Тем самым сохранялось главное, а может быть, и единственное, достоинство повести – ее непосредственность, живость, жизненная достоверность.
Евгений Шварц
Корней Чуковский. Белый Волк
Когда в 1922 году наш театр закрылся, я после ряда приключений попал секретарем к Корнею Ивановичу Чуковскому.
Он был окружен как бы вихрями, делающими жизнь возле него почти невозможной. Находиться в его пределах в естественном положении было немыслимо, как в ураган посреди пустыни. И к довершению беды вихри, сопутствующие ему, были ядовиты.
Цепляясь за землю, стараясь не закрывать глаза, не показывать, что песок пустыни скрипит на зубах, я скрывал от всех и от себя самого странность своей новой должности. Я всячески старался привиться там, где ничто не могло расти.
У Корнея Ивановича никогда не было друзей и близких. Он бушевал в одиночестве, не находя пути по душе, без настоящего голоса, без любви, без веры, с силой, не открывшей настоящего, равного себе выражения и потому недоброй.
По трудоспособности я не встречал ему равных. Но какой это был мучительный труд! На столе его лежало не менее трех-четырех работ: вот статья для «Всемирной литературы», вот перевод пьесы Синга, вот предисловие и примечания к воспоминаниям Панаевой, вот детские стихи. Легкий, как бы пляшущий тон его статей давался ему нелегко. Его рукописи походили не то на чертежи, не то на карты. Вклейки снизу, сбоку, сверху. Каждую страницу приходилось разворачивать, раскрывать, расшифровывать.

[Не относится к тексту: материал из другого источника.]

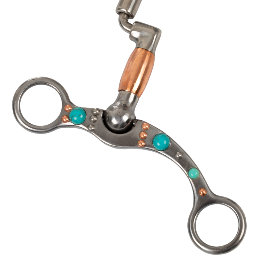 Bocado corrector para monta western en hierro resistente trabajado con decoraciones, dotado de rodillos de cobre y aplicaciones de perla turquesa.
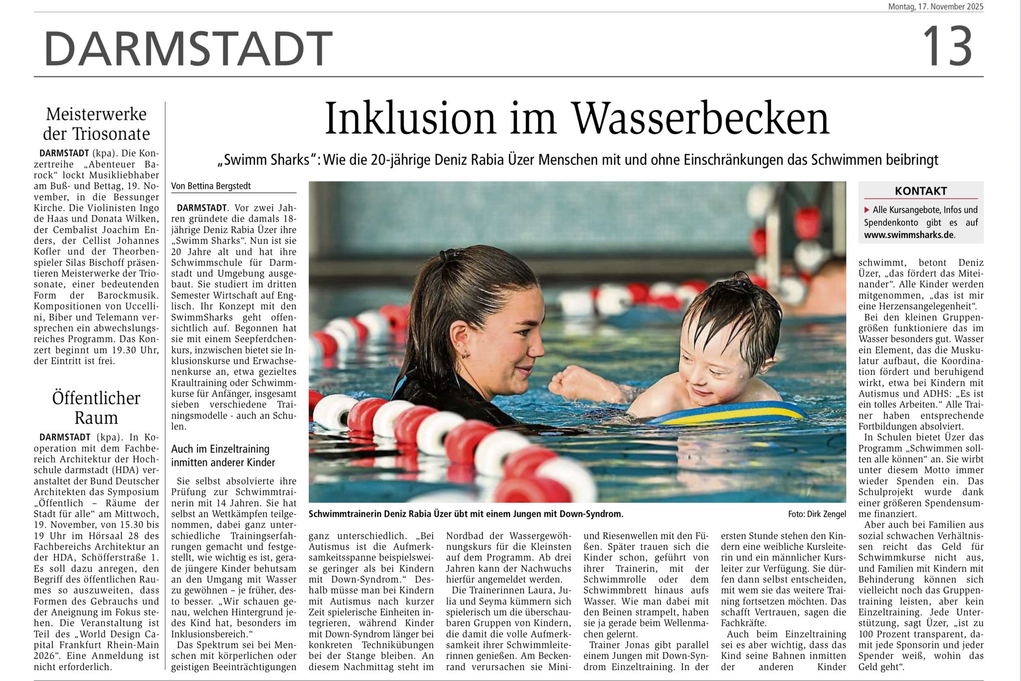 AUSGEZEICHNET Basierend auf 13 Bewertungen Gepostet auf SonjaTrustindex überprüft, ob die Originalquelle der Bewertung Google ist. Richtig tolle Schwimmschule! Meine Tochter hat dort in kürzester Zeit schwimmen gelernt und ihr Seepferdchen gemacht. Sie war so begeistert von jeder Schwimmstunde, dass sie jetzt im Fortgeschrittenen Kurs weitermachen möchte. Die Kurse sind in sehr kleinen Gruppen, so dass individuell auf die Kinder eingegangen werden kann und die Kinder wirklich mit Spaß dabei sind. Die Trainerinnen sind alle total nett und gehen toll mit den Kindern um. Ich kann die SwimmSharks nur empfehlen!Gepostet auf Melina ÇiçekTrustindex überprüft, ob die Originalquelle der Bewertung Google ist. Kleine Gruppen, die Kinder fühlen sich wohl und Ängste werden ernst genommen. So herzlich, nur zu empfehlen.Gepostet auf CRISTINA Ullastres QuevedoTrustindex überprüft, ob die Originalquelle der Bewertung Google ist. Meine 9-jährige Tochter besucht den Schwimmkurs und wir sind sehr zufrieden. Sie hat Ende Oktober letzten Jahres angefangen und hat bereits das bronzene Abzeichen erreicht und ist kurz davor, das silberne zu bekommen. Sie ist sehr glücklich in dem Kurs.Gepostet auf Büsra CicekTrustindex überprüft, ob die Originalquelle der Bewertung Google ist. Eine sehr freundliche und geduldige junge Dame, die auch mit Kindern sehr gut klar kommt. Klein gehaltene Gruppen, wo dadurch die Kinder sich sicher fühlen und schneller lernen.Gepostet auf Lejla AdemiTrustindex überprüft, ob die Originalquelle der Bewertung Google ist. Absolut empfehlenswert! Wir sind super zufrieden mit den Schwimmkursen bei SwimSharks. Die Trainerin ist unglaublich engagiert, geduldig und liebevoll im Umgang mit den Kindern. Man merkt sofort, dass sie weiß, was sie tut. Sie geht individuell auf jedes Kind ein und schafft eine entspannte, motivierende Atmosphäre. Unsere kleine hat in kurzer Zeit große Fortschritte gemacht und freut sich jedes Mal auf den Unterricht.Gepostet auf Ceren AyricTrustindex überprüft, ob die Originalquelle der Bewertung Google ist. Wunderbares Training und wunderbare Betreuung. Würde mich jedes Mal wieder für die Swimsharks entscheiden!!!! Individuelle Betreuung bzw. Unterstützung ist auch versichert und ich fühle mich sehr wohl die Kinder da zulassen? Danke für diese tolle Arbeit. Tip top 100% empfehlenswert !!!!!!!?Gepostet auf Maike BerndTrustindex überprüft, ob die Originalquelle der Bewertung Google ist. Eine sehr empfehlenswerte Schwimmschule! Die Trainer:innen sind super freundlich, geduldig und motivierend. In kürzester Zeit hat mein Kind riesige Fortschritte gemacht. Sehr strukturiert! Endlich ein schwimmkurs, wo ich keine Bedenken, um meinen kleinen fraz habe. Absolut empfehlenswert für alle Altersklassen!Gepostet auf Rabia ÜzerTrustindex überprüft, ob die Originalquelle der Bewertung Google ist. Sehr organisiert, schnelle Rückmeldungen und die Kurse sind in kleinen Gruppen das ist super gutGepostet auf Tyulin SalimTrustindex überprüft, ob die Originalquelle der Bewertung Google ist. Ich bin absolut begeistert von der Schwimmschule.Mein Kind hat hier innerhalb weniger Wochen große Fortschritte gemacht. Die Schwimmlehrerin ist freundlich, geduldig und gehen individuell auf die Kinder ein. Kann ich nur weiterempfehlen.Gepostet auf Emma SauerweinTrustindex überprüft, ob die Originalquelle der Bewertung Google ist. Die Kurse in kleinen Gruppen aber vor allem die super lieben und engagierten Trainier*innen von SwimmSharks schaffen eine total tolle und familiäre Atmosphäre in der sich meine Kinder unglaublich wohl fühlen. Schon seit dem Seepferdchen begleitet das Team meine Kinder und legt viel Wert darauf sie individuell zu fördern und zu unterstützen. Jedesmal freuen sie sich schon auf den nächsten Termin!! Wir können SchwimmSharks nur empfehlen!!

Отделившись от семьи большой проходной комнатой, он страдал над своими работами, бросался от одной к другой как бы с отчаяньем. Он почти не спал. Иногда выбегал он из дому своего на углу Манежного переулка и огромными шагами обегал квартал по Кирочной, Надеждинской, Спасской, – широко размахивая руками и глядя так, словно он тонет, своими особенными серыми глазами. Весь он был особенный: седая шапка волос, молодое лицо, рот небольшой, но толстогубый, нос топорной работы, а общее впечатление – нежности, даже миловидности.
Когда он мчался по улице, все на него оглядывались, – но без осуждения. Он скорее нравился прохожим высоким ростом, свободой движения. В его беспокойном беге не было ни слабости, ни страха. Он людей ненавидел, но не боялся, и у встречных поэтому и не возникало желания укусить его.
Я появлялся у него в просторном и высоком кабинете в восемь часов утра. В своем тогдашнем безоговорочном, безоглядном поклонении далекой и недоступной литературе я в несколько дней научился понимать признанного ее жреца, моего хозяина. Показывая руками, что он приветствует меня, прижимая их к сердцу, касаясь пальцами ковра в поясном поклоне, надув свои грубые губы, Корней Иванович глядел на меня, прищурив один глаз, с искренней ненавистью. Но я не обижался. Я знал, что чувство это вспыхивает в душе его само по себе, без всякого повода, не только ко мне, но и к близким его. И к первенцу Коле, и к Лиде, и, реже, к Бобе, и только к младшей, к Муре, – никогда.